〇(D)Rangani Wathsala Weerasinghe1, Subeesh M. Suresh2, David Hall2, Chin-Yiu Chan3, Youichi Tsuchiya1, Chihaya Adachi1 (1.Dept. Appl. Chem., Kyushu Univ., 744 Motooka, Nishi, Fukuoka 819-0395, Japan, 2.EaStCHEM School of Chem., Univ. of St Andrews, St Andrews, KY16 9ST, UK, 3.Dept. Materials Science and Engineering, City Univ. of Hong Kong, Hong Kong)

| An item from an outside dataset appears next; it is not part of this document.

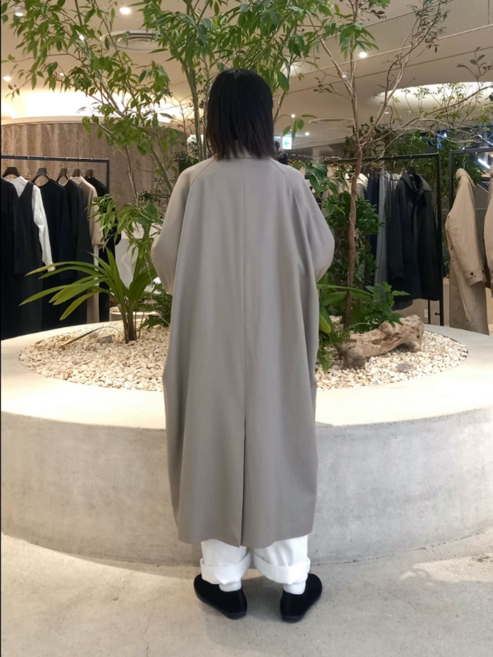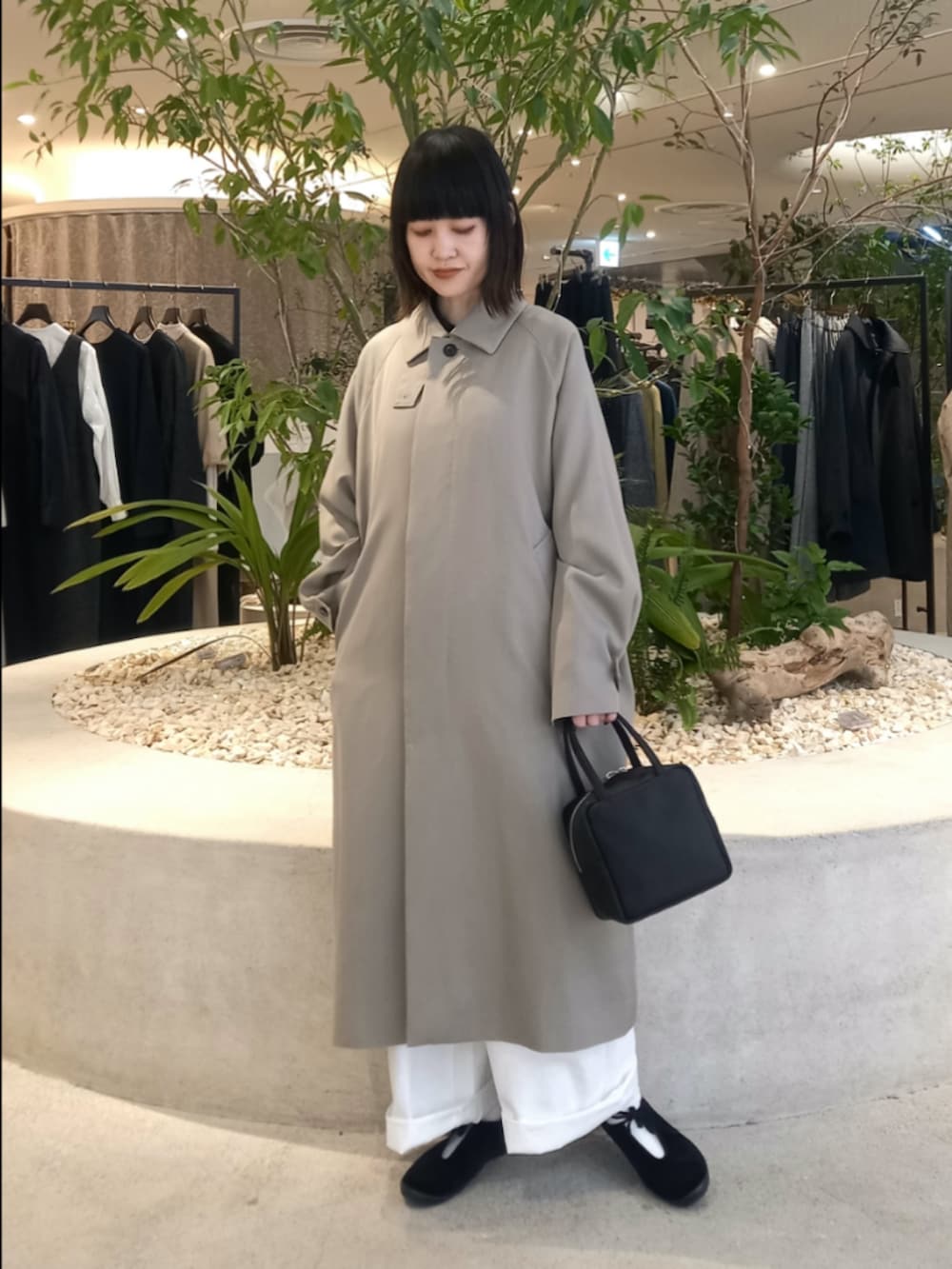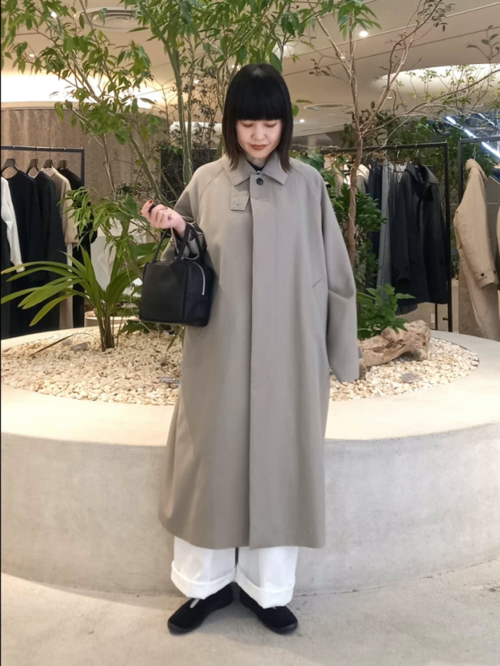 GREGEの色味が上品なウールコートは、春先まで長く着ていただけます。

Organic Light Emitting Diode (OLED),Multiple Resonance Thermally Activated Delayed Fluorescence (MR-TADF),BT-2020 Standard

To achieve high-quality Ultra High-Definition (UHD) display the color gamut on the CIE coordinate in OLEDs should be expanded aiming the BT.2020 color standards is required. However, broadband-emitting conventional thermally activated delayed fluorescence (TADF) emitters satisfying CIEy= 0.046 are seldom reported. Narrowband emitting Multiple resonance (MR) TADF emitters are promising candidates for saturated colors but often have low reverse intersystem crossing rates (kRISC), impacting device performance. Furthermore, achieving the BT.2020 color standard for blue pixels with a high external quantum efficiency (EQE) and narrowband emission still remains a challenge, even for MR-TADF emitters. This study focuses on developing and application of a helical MR-TADF emitter, f-DOABNA, to address challenges in achieving BT.2020 standards for blue pixels, while addressing the low kRISC issue exhibited in MR-TADF emitters. f-DOABNA exhibited deep blue emission, a high photoluminescent quantum yield, and an exceptional kRISC. The OLED utilizing f-DOABNA achieves a high external quantum efficiency and meets BT.2020 standards, indicating its potential application in UHD displays.